Е г о р. Ты Лену не трогай. Лена мне жена.

П е т р. Знаю. Дипломированный инженер, но по твоей вине ни одного дня не работала.

Е г о р. А что я мог сделать? Создать специально для нее трикотажную промышленность?

П е т р. При желании многое мог бы сделать. Она с успехом могла бы работать на комбинате.

Е г о р. Н-да, отец на комбинате, брат на комбинате, жена тоже. А потом и сына здесь же должен буду пристроить. Это ты мне предлагаешь? Благодарю! Но я на это никогда не пойду. Чтобы меня потом обвинили в насаждении семейственности!

П е т р. Нет, Егор, тобой не эти соображения руководили. Ты отстранил Елену от работы по другой причине. Ты отстранил ее только потому, что ее руки понадобились тебе дома, в твоем хозяйстве. И это вполне соответствует твоему идеалу.

Е г о р. Да, соответствует! Когда я вижу, как женщины забивают сваи или укладывают рельсы, я не прихожу в восторг.

П е т р. Я тоже.

Е г о р. Твой повышенный интерес к жизни Елены мне понятен. Но я не советую тебе его проявлять. Поздно, Петр, поздно! Мы семнадцать лет вместе.

П е т р. Ты прав. Действительно, Лена мне не безразлична. Не безразличен и ты, Егор. Но в еще большей степени меня тревожит то, как живет мой брат, как он растит своего сына.

Е г о р. Демагогия! Ты любишь Лену. Любишь! И, пожалуйста, не выкручивайся.

П е т р. Не собираюсь.

Е г о р. Потому-то ты и злишься.

П е т р. Да, я люблю Лену и не пытаюсь это скрыть от тебя. Но у Лены есть семья, сын, которого она любит, муж.

Е г о р. Вот-вот. И можешь оставить ее в покое. Ни в сочувствии, ни в жалости, смею тебя заверить, она не нуждается.

П е т р. Жалеть, Егор, я не умею. Жалость оскорбительна, она унижает человека. Но то, что случилось с Костей, лежит на твоей совести, Егор! Дети — самое верное зеркало родителей. И мне больно, больно оттого, что Костя перенимает от тебя дурное. Искренне сожалею, что он не видел тебя комсомольцем, беспокойным пареньком с горящими глазами. Забыл? А ведь ты был таким, Егор. И, не скрою, я гордился тобой.

Е г о р. Все?

П е т р. Нет, не все. Ты не имеешь права требовать от Костика ни твердых убеждений, ни упрекать его в эгоизме.

Е г о р. Я отец!

П е т р. Какой ты отец, если такого сына воспитал?

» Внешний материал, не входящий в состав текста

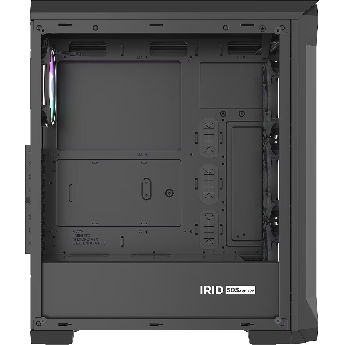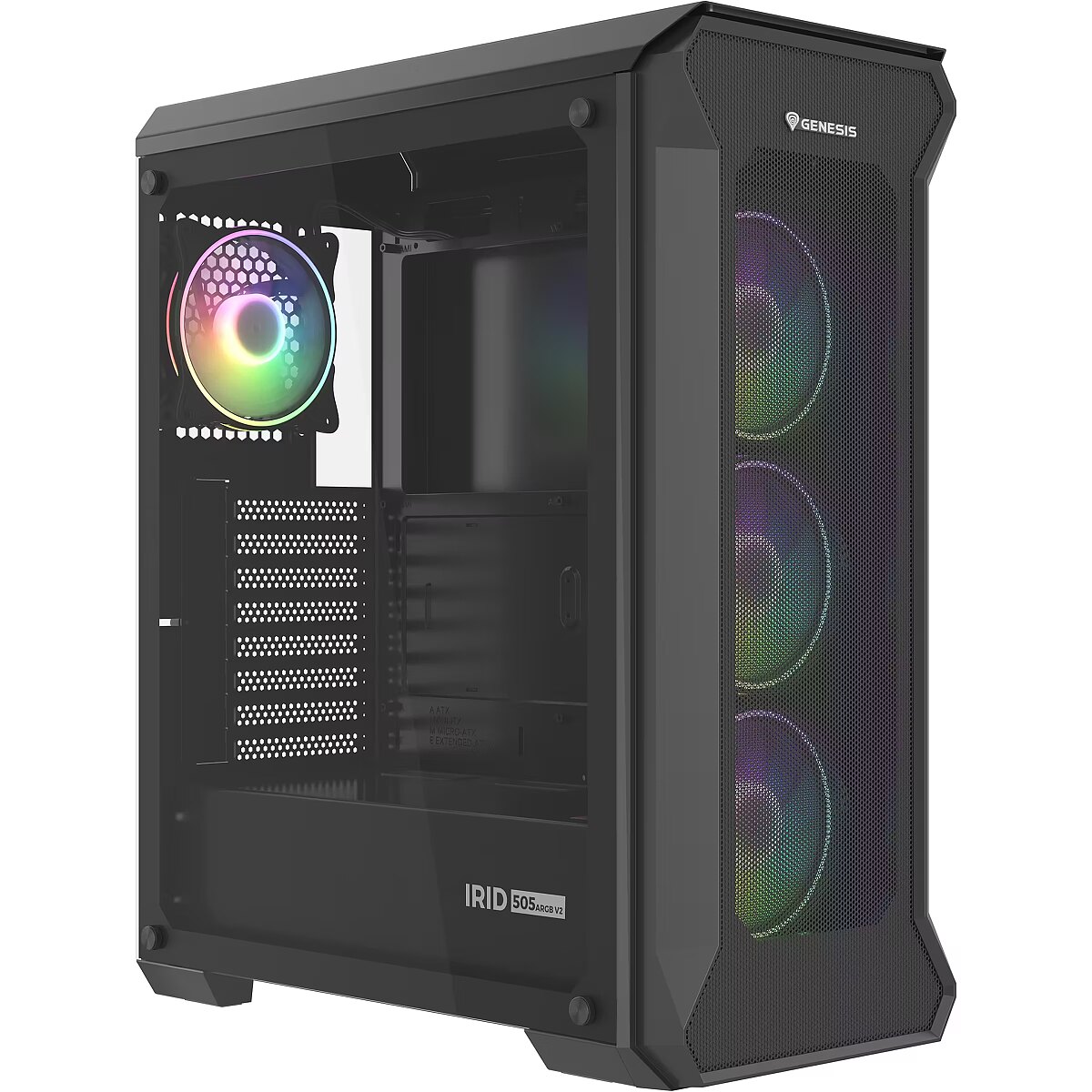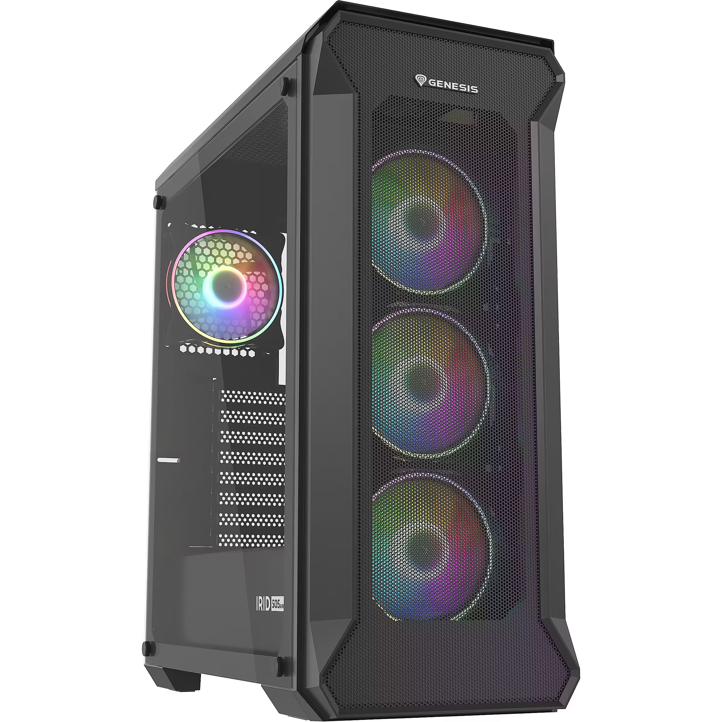LongSummaryDescription - GENESIS Irid 505 ARGB. Form factor: Midi Tower, Type: PC, Product colour: Black, Transparent. Power supply location: Bottom. Front fans installed: 3x 120 mm, Front fans diameters supported: 120,140 mm, Rear fans installed: 1x 120 mm. Supported HDD sizes: 2.5,3.5". Width: 220 mm, Depth: 447 mm, Height: 510 mm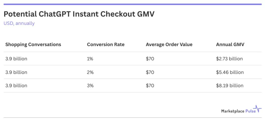 据Marketplace Pulse推算,即使转化率较低,假设只有 2% 的产品对话促成平均订单价值 70 美元的购买,也能产生 55 亿美元的年 GMV,大约相当于Etsy 全球市场的一半。

Е г о р (вспыхнув). Ну, знаешь ли, дорогой братец, не слишком ли далеко ты зашел? Как я живу — это никого не касается. Ты просто завидуешь мне. Да-да, завидуешь! Завидуешь, завидуешь!

П е т р. Чему? Не тому ли, как ты в собственном особняке строишь коммунизм? Не могу я этому завидовать. Рано нам, Егор, о тишине и покое думать, рано. Покоя не будет даже при коммунизме.

Е г о р. За меня можешь не беспокоиться.


Звонит телефон. Петр берет трубку.


П е т р. Слушаю. Селиванов у телефона. Добрый вечер, Николай Сергеевич. Так-так, съезжаются? Начсандив первым явился? Что? Растолстел? Николай Сергеевич, а вы на военный режим его переведите. Да-да, утречком на физзарядку, подъем в 6.00, и днем не позволяйте ему спать. Ничего, спасибо, хорошо отдыхаю. Нет, сейчас выехать к вам я никак не могу. (Смотрит на Егора.) Да так обстоятельства у меня складываются. Брат заболел. Егор! Да! Тяжело. Я тоже очень сожалею. Да, я позвоню вам. Передайте, пожалуйста, мои извинения и привет однополчанам. (Кладет трубку.) Вот так-то, Егор.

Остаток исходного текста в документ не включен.